__Activity__: Exclude images and print all the records verbatim.

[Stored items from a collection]
[Start of Attachment]

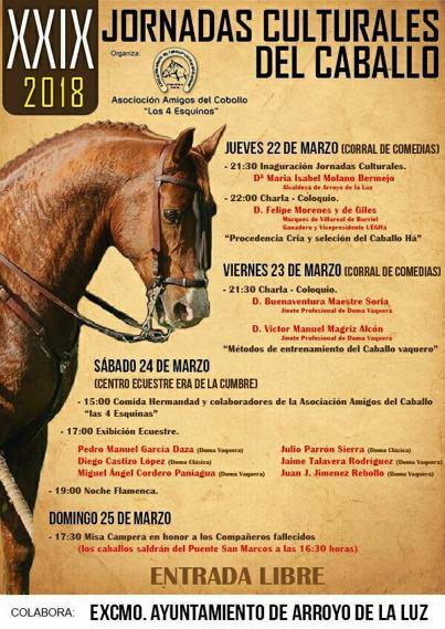 La Asociación Amigos del Caballo Las 4 Esquinas organiza, en colaboración con el Ayuntamiento de Arroyo de la Luz, las Jornadas Culturales del Caballo. Serán ... 4 días dedicados al mundo del caballo, un animal que es signo de identidad del pueblo de Arroyo de la Luz.
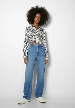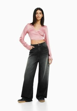 BERSHKA Long Sleeve Crossover – Cropped – Overhemdblouse – Off White
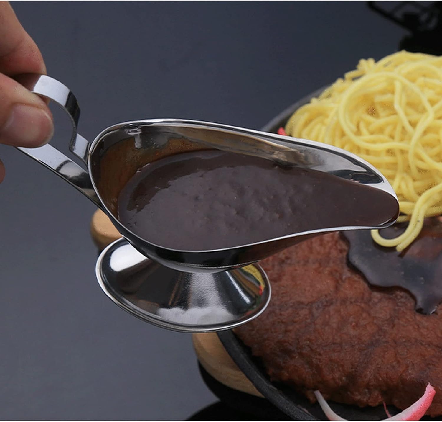 Product name:Gravy boat product material:Stainless steel material Product ounce: 8Oz Product Size:8.26in x 3.74in x2.36in Product package:One piece Prompt: 1.Please check the color and the size of the product before buying 2. Our shop does not include other items except the Gravy boat shown in the product photo 3. Please note that due to different monitors, there may be slight color difference, please understand. 4. Due to manual measurement, there will be a small amount of error. Please refer to the actual size. Thank you! 5. You can go to our store to see a variety of styles and types of products and colors 6. Welcome your sharing and feedback, so that we can provide you with better products and services This is the perfect gift for friends and family during housewarming, weddings, Mother's Day, Father's Day, Christmas and New Year's Day.
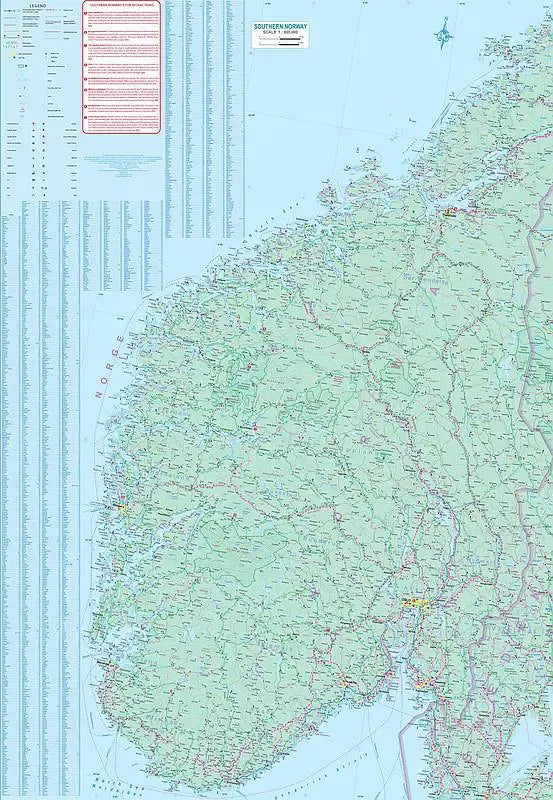 As you unfold the map, immerse yourself in the dynamic essence of Oslo and Bergen, the heartbeats of Norwegian culture. Explore the top tourist destinations in Oslo – such as the majestic Viking Ship Museum, where history comes alive through ancient vessels, or the iconic Vigeland Park, adorned with over 200 sculptures capturing the human experience. Southern Norway, beautifully mapped on the reverse, beckons with its scenic splendor, and the map ensures you don't miss the renowned attractions that make it a must-visit region.
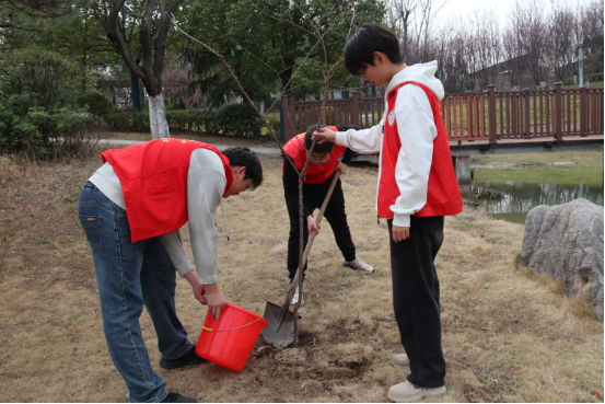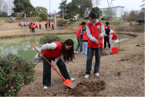 春风送暖添新绿,青春志愿正当时。在第47个植树节来临之际,为深入践行习近平生态文明思想,增强青年学子社会责任感,3月11日下午,计算机与信息工程学院青年志愿者协会、学生党支部联合单桥社区,赴七渔河公园开展“学习雷锋植新绿,青年行动增春色”植树节主题活动。学院团学负责人、计算机学生党支部书记王毅恒带领学生党员和青年志愿者参加活动。
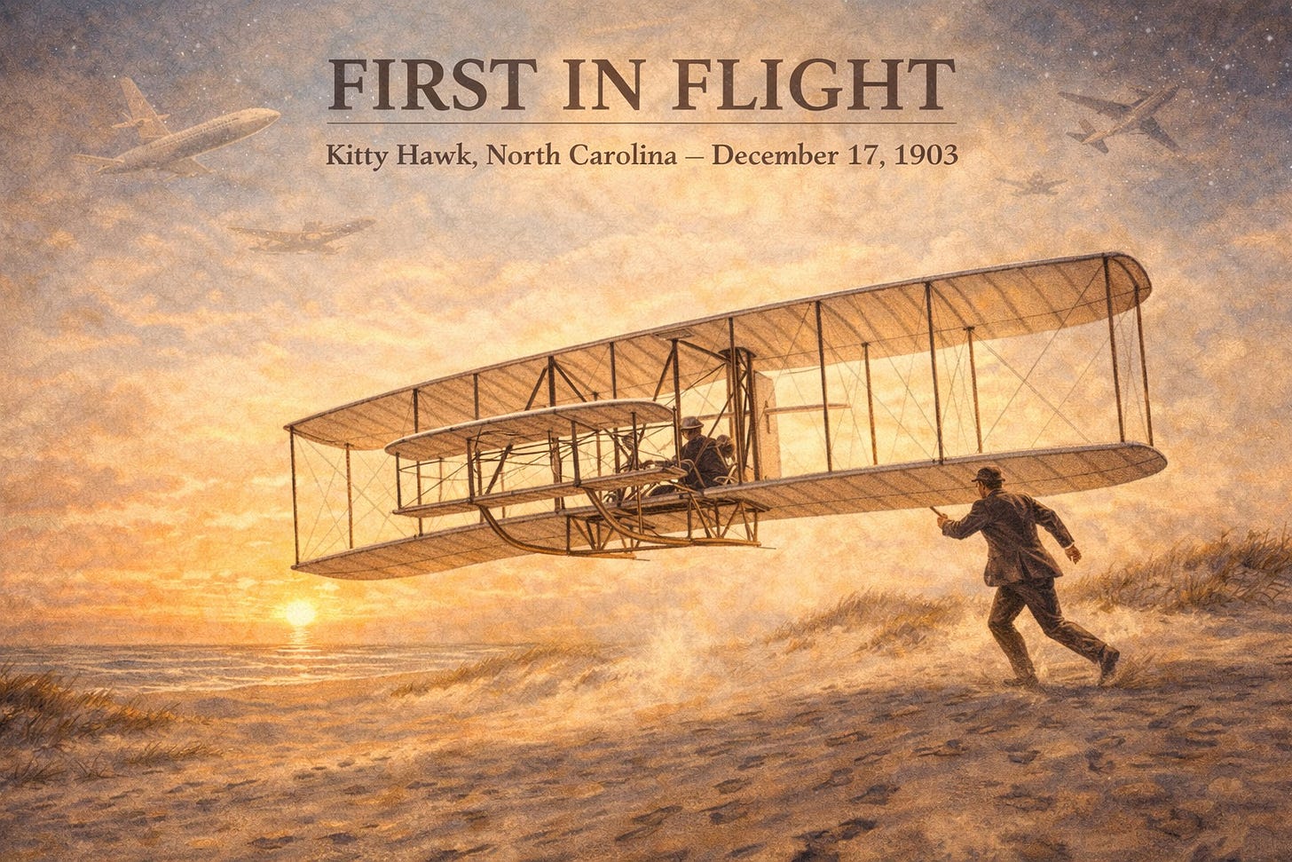 First in Flight I’ve lived in Carolina long enough to stay, And I think I’ve earned the right to say— First in Flight is more than a line, It’s a story that’s yours, and now it’s mine. Two brothers on a cold December shore, Built something the world had never seen before. Not drifting with the wind, not tossed about, But turning on purpose—leaving all doubt. The critics laughed, “If God meant you to go, He’d have given you wings, you’d already know.” But God gave us something far more true— A mind that imagines, and hands that do. Eight hundred fifty-two feet became the sky, Then cities, then nations, then stars way up high. And from that height, we learned to see, The beauty of Earth, in its majesty. But not every flight is wood and wire— Some are born of hope, some burn with fire. Each act of courage, each word you speak, Is the lift your restless soul will seek. So bank. Climb. Turn on the air. The wings you need are already there. God placed them deep—heart, mind, and spine. Now take the wind… and make it yours and mine.
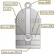 ![]() Бонсё из Рёан-дзи, на котором спереди хорошо видно цуки-дза, ударную панель в форме лотоса, а сзади — подвешенное бревно для ударов по колоколу, сю-моку. | |
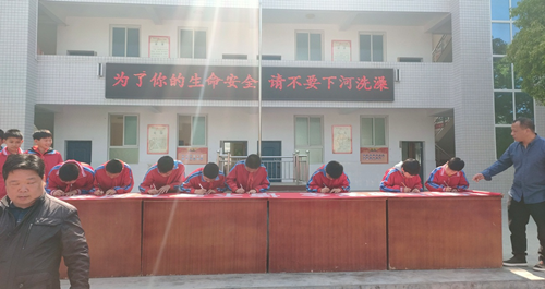啟動儀式上,學校安全管理員對全體師生進行防溺水安全教育,要求全體師生要深刻認識到溺水事故的危害,遠離危險地帶,避免溺水事故的發生。然后師生進行了“珍愛生命”的簽名活動。
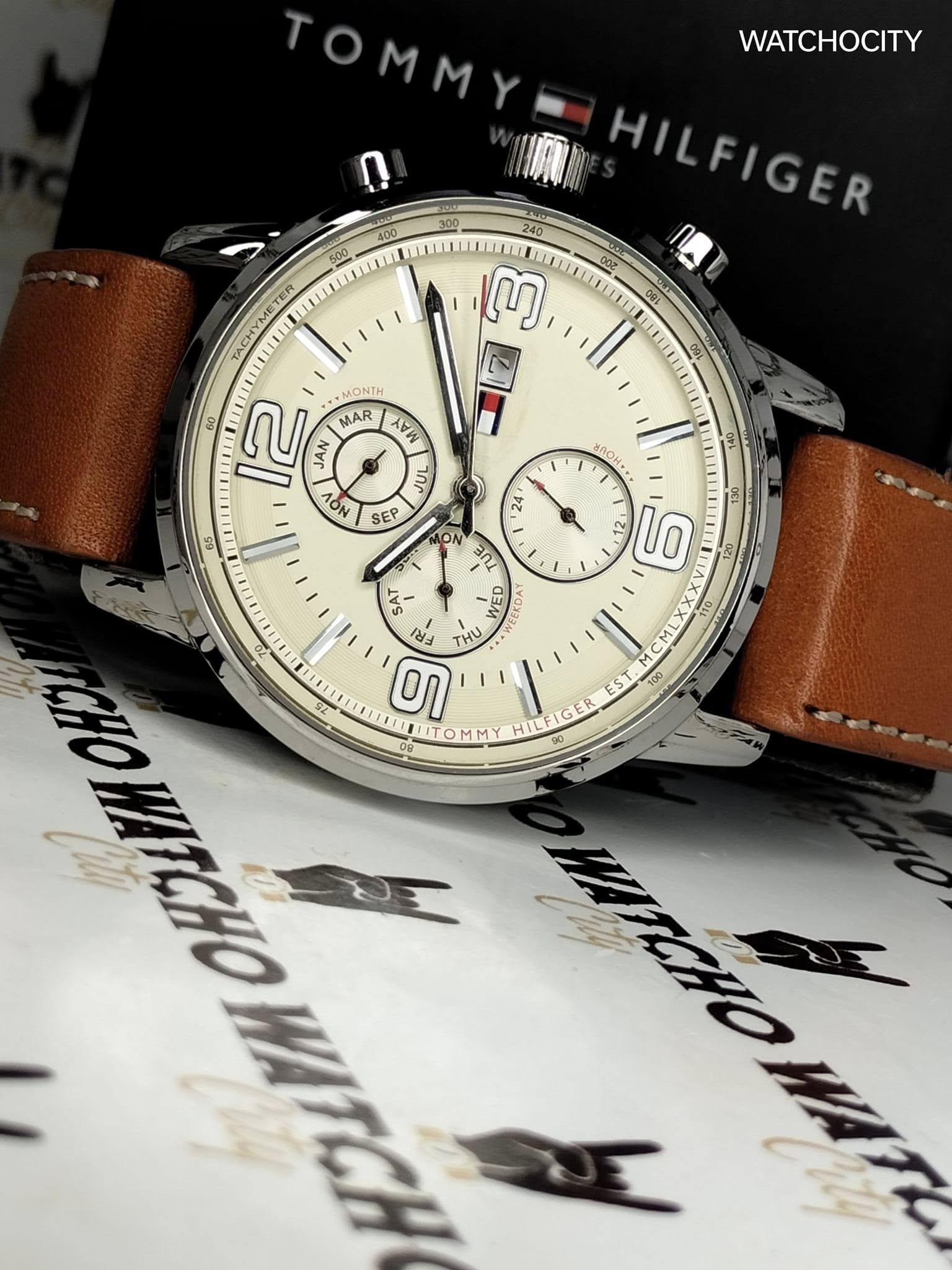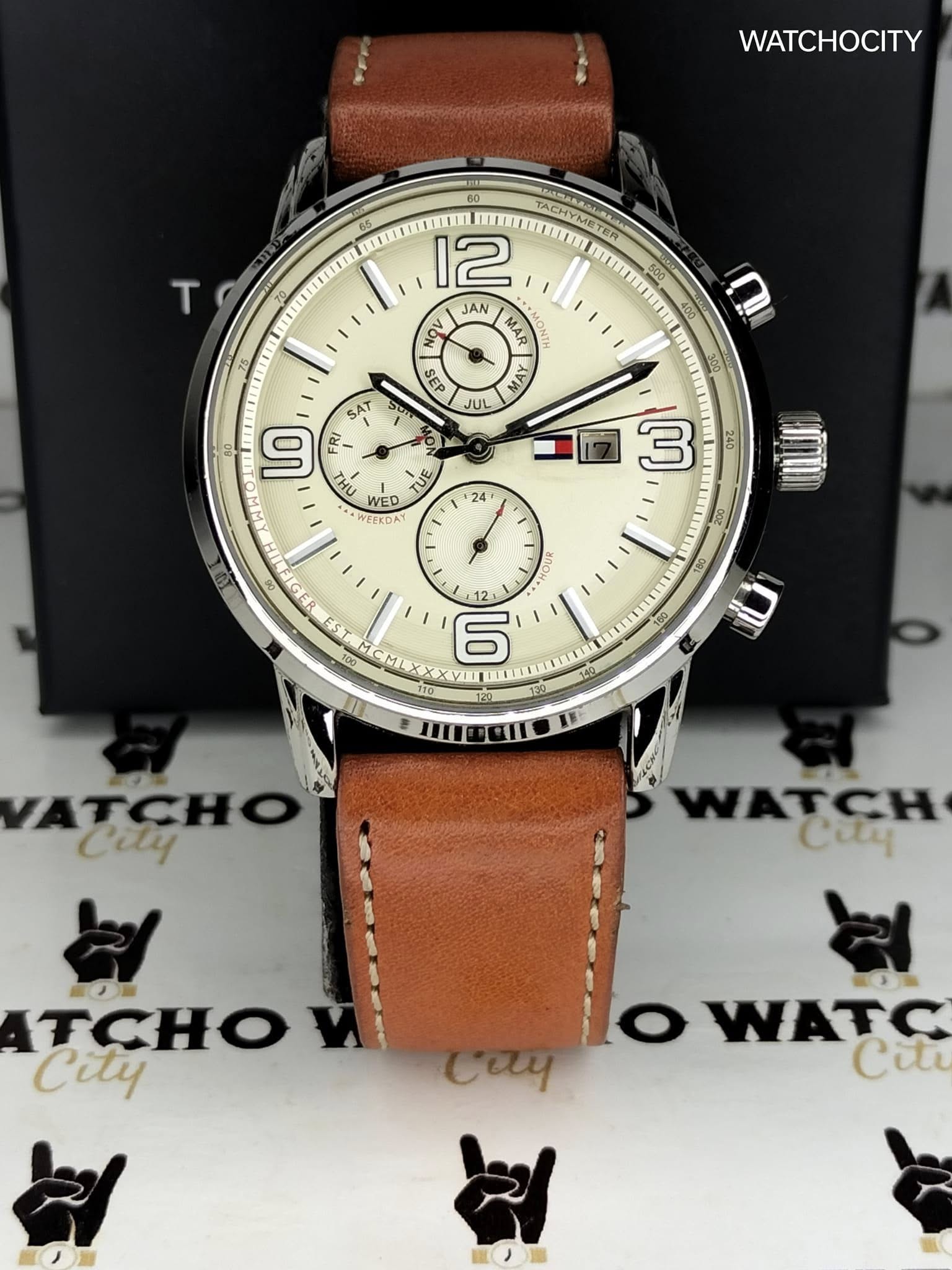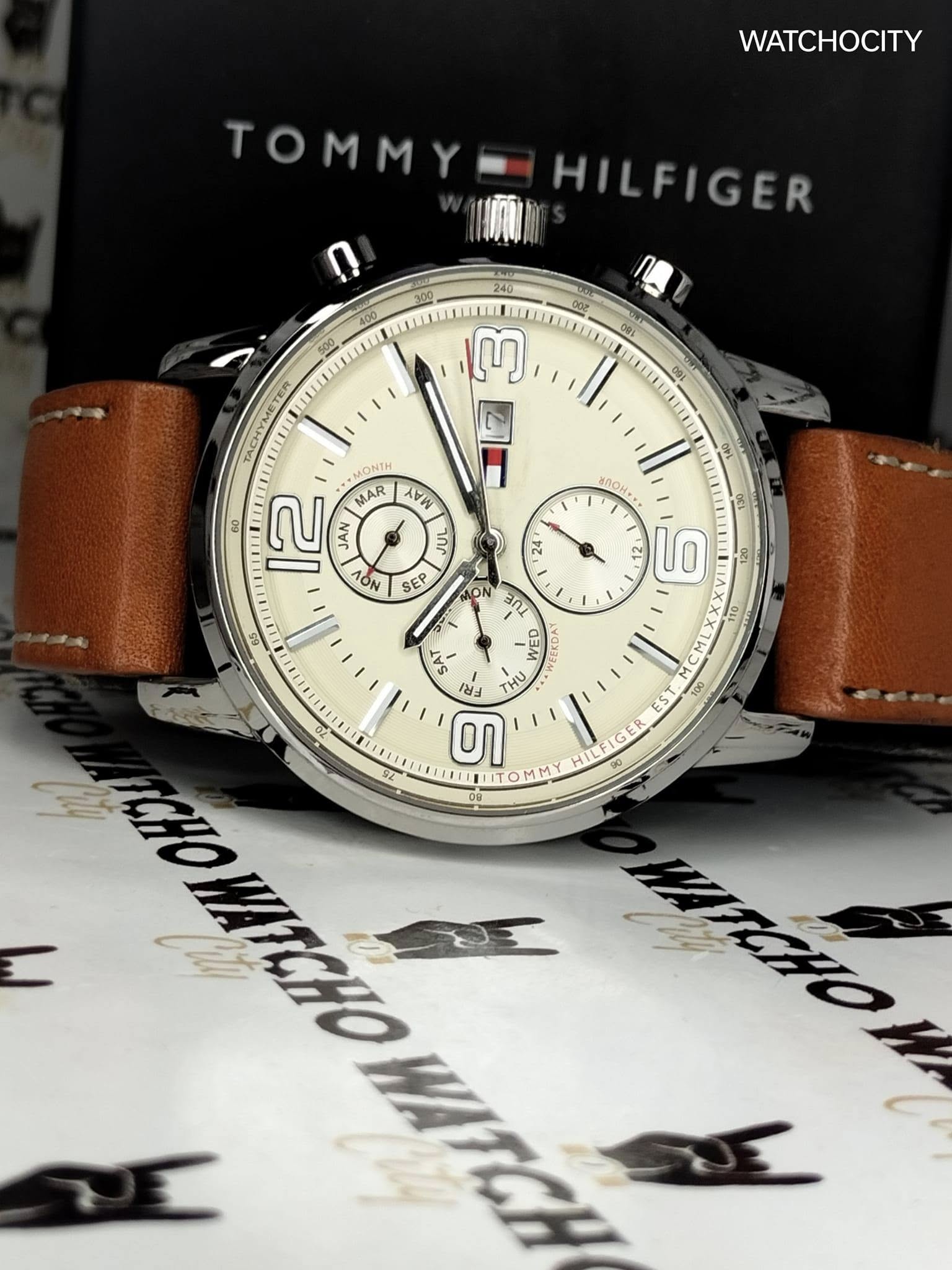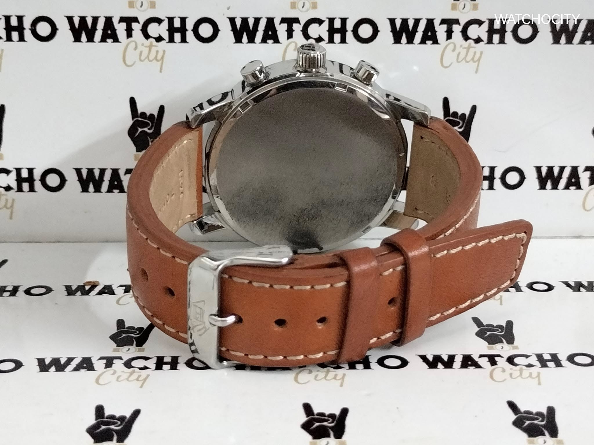 Description : Round item shape , Crystal mineral dial window material type , Cosmograph display type , Pin closure buckle clasp type , Genuine leather band material , Strap band type , Solid modified screw case back , Stainless steel case material , Men’s standard band length , Camel band color , Cream dial color , Pull / Push crown , Luminescent hands index & small arabic numeral dial markers , Minute markers around the outer rim , Stainless steel bezel material , Fix bezel , [44]mm case diameter , [10]mm case thickness , [22]mm band width , Cosmograph / Date / Hour / Minute / Second , Date calendar indicate between [3 o’clock in position] , Water resistance [3ATM] , Water resistant to [30METERS] [100FEET] in general : withstands splashes or brief immersion in water , but not suitable for swimming or bathing .

[End of Attachment]

__Task response__:
 La Asociación Amigos del Caballo Las 4 Esquinas organiza, en colaboración con el Ayuntamiento de Arroyo de la Luz, las Jornadas Culturales del Caballo. Serán ... 4 días dedicados al mundo del caballo, un animal que es signo de identidad del pueblo de Arroyo de la Luz.
 BERSHKA Long Sleeve Crossover – Cropped – Overhemdblouse – Off White
 Product name:Gravy boat product material:Stainless steel material Product ounce: 8Oz Product Size:8.26in x 3.74in x2.36in Product package:One piece Prompt: 1.Please check the color and the size of the product before buying 2. Our shop does not include other items except the Gravy boat shown in the product photo 3. Please note that due to different monitors, there may be slight color difference, please understand. 4. Due to manual measurement, there will be a small amount of error. Please refer to the actual size. Thank you! 5. You can go to our store to see a variety of styles and types of products and colors 6. Welcome your sharing and feedback, so that we can provide you with better products and services This is the perfect gift for friends and family during housewarming, weddings, Mother's Day, Father's Day, Christmas and New Year's Day.
 As you unfold the map, immerse yourself in the dynamic essence of Oslo and Bergen, the heartbeats of Norwegian culture. Explore the top tourist destinations in Oslo – such as the majestic Viking Ship Museum, where history comes alive through ancient vessels, or the iconic Vigeland Park, adorned with over 200 sculptures capturing the human experience. Southern Norway, beautifully mapped on the reverse, beckons with its scenic splendor, and the map ensures you don't miss the renowned attractions that make it a must-visit region.
 春风送暖添新绿,青春志愿正当时。在第47个植树节来临之际,为深入践行习近平生态文明思想,增强青年学子社会责任感,3月11日下午,计算机与信息工程学院青年志愿者协会、学生党支部联合单桥社区,赴七渔河公园开展“学习雷锋植新绿,青年行动增春色”植树节主题活动。学院团学负责人、计算机学生党支部书记王毅恒带领学生党员和青年志愿者参加活动。
 First in Flight I’ve lived in Carolina long enough to stay, And I think I’ve earned the right to say— First in Flight is more than a line, It’s a story that’s yours, and now it’s mine. Two brothers on a cold December shore, Built something the world had never seen before. Not drifting with the wind, not tossed about, But turning on purpose—leaving all doubt. The critics laughed, “If God meant you to go, He’d have given you wings, you’d already know.” But God gave us something far more true— A mind that imagines, and hands that do. Eight hundred fifty-two feet became the sky, Then cities, then nations, then stars way up high. And from that height, we learned to see, The beauty of Earth, in its majesty. But not every flight is wood and wire— Some are born of hope, some burn with fire. Each act of courage, each word you speak, Is the lift your restless soul will seek. So bank. Climb. Turn on the air. The wings you need are already there. God placed them deep—heart, mind, and spine. Now take the wind… and make it yours and mine.
 ![]() Бонсё из Рёан-дзи, на котором спереди хорошо видно цуки-дза, ударную панель в форме лотоса, а сзади — подвешенное бревно для ударов по колоколу, сю-моку. | |
啟動儀式上,學校安全管理員對全體師生進行防溺水安全教育,要求全體師生要深刻認識到溺水事故的危害,遠離危險地帶,避免溺水事故的發生。然后師生進行了“珍愛生命”的簽名活動。
 Description : Round item shape , Crystal mineral dial window material type , Cosmograph display type , Pin closure buckle clasp type , Genuine leather band material , Strap band type , Solid modified screw case back , Stainless steel case material , Men’s standard band length , Camel band color , Cream dial color , Pull / Push crown , Luminescent hands index & small arabic numeral dial markers , Minute markers around the outer rim , Stainless steel bezel material , Fix bezel , [44]mm case diameter , [10]mm case thickness , [22]mm band width , Cosmograph / Date / Hour / Minute / Second , Date calendar indicate between [3 o’clock in position] , Water resistance [3ATM] , Water resistant to [30METERS] [100FEET] in general : withstands splashes or brief immersion in water , but not suitable for swimming or bathing .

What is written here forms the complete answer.